Effective Date: April 14, 2026|Version: 2.0
This Privacy Policy explains in detail how NAYARAi™ collects, uses, stores, shares, and protects your personal data. We are committed to full transparency. Please read this document carefully before using our website or engaging our services.
NAYARAi™ (“we,” “us,” or “our”) is a healthcare regulatory consulting firm headquartered in Bangalore, Karnataka, India. We provide regulatory strategy, submission management, compliance, and clinical advisory services to clients in the medical device, pharmaceutical, and biotechnology sectors globally.
This Privacy Policy applies to:
• Your use of our website at nayarai.com (the “Site”);
• Your engagement with NAYARAi™’s consulting and professional services;
• All communications you initiate with NAYARAi™ via email, phone, or online forms;
• Scheduling interactions via third-party tools such as Calendly embedded on or linked from our Site.
This Policy does not apply to third-party websites, platforms, or services linked from our Site. For how those platforms handle your data, please refer to their own privacy policies.
When you contact us, submit an enquiry, book a consultation, or engage our services, we may collect:
• Full name and professional title or designation
• Company or organization name and business address
• Email address and telephone number
• Details of your regulatory needs, product descriptions, or project scope shared in communications
• Billing and payment information (processed exclusively through secure, PCI-compliant third-party payment processors — NAYARAi™ does not store raw card data)
• Any other information you voluntarily provide to us
When you visit our Site, we or our third-party service providers automatically collect the following technical data:
• IP address and approximate geographic location (city/country level)
• Browser type, version, and language settings
• Operating system and device type
• Pages visited, time and duration of visits, and navigation paths
• Referring URLs (the page you arrived from)
• Screen resolution and device identifiers
This data is collected through cookies and similar tracking technologies.
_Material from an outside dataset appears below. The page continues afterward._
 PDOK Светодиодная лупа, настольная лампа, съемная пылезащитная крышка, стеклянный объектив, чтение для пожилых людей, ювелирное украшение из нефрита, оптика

See our Cookie Policy for detailed information.
We may receive limited information about you from:
• LinkedIn or other professional networks, where you have connected with or followed NAYARAi™ publicly
• Referral partners or professional contacts who recommend our services
• Publicly available professional directories or regulatory body registers
We use this information solely to understand professional context and to provide relevant services.
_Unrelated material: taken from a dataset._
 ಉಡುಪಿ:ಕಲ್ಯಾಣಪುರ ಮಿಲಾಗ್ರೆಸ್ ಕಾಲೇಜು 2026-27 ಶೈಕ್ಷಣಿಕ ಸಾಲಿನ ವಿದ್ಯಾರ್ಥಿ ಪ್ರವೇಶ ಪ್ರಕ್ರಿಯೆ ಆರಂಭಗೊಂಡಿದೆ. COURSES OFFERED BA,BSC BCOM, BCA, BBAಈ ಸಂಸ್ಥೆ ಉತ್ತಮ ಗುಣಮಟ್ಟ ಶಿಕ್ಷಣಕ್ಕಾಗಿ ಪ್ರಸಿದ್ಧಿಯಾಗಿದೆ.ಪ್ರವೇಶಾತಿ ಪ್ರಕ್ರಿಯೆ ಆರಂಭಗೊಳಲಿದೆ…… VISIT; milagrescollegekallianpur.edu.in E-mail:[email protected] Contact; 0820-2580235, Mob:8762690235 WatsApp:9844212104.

NAYARAi™ does not intentionally collect sensitive personal data (such as health records, financial account numbers, biometric data, or government identification numbers) through our website. If such data is shared during a professional engagement, it is handled under a separate engagement agreement with enhanced confidentiality obligations.
We use your personal data only for specified, legitimate purposes. These are:
a) To Respond to Enquiries and Provide Services
Processing your contact details and enquiry information to respond promptly, schedule consultations, and deliver our regulatory consulting services.
b) To Manage Client Relationships
Maintaining records of our communications, engagements, and service delivery history for ongoing client management and quality assurance.
c) To Send Service-Related Communications
Sending you updates, invoices, project-related notifications, and information directly related to your engagement with NAYARAi.
d) For Marketing Communications
Where you have opted in, or where permitted by applicable law, sending you newsletters, industry updates, event invitations, or information about our services. You may opt out of marketing communications at any time by clicking “unsubscribe” in any such email or contacting us at info@nayarai.com.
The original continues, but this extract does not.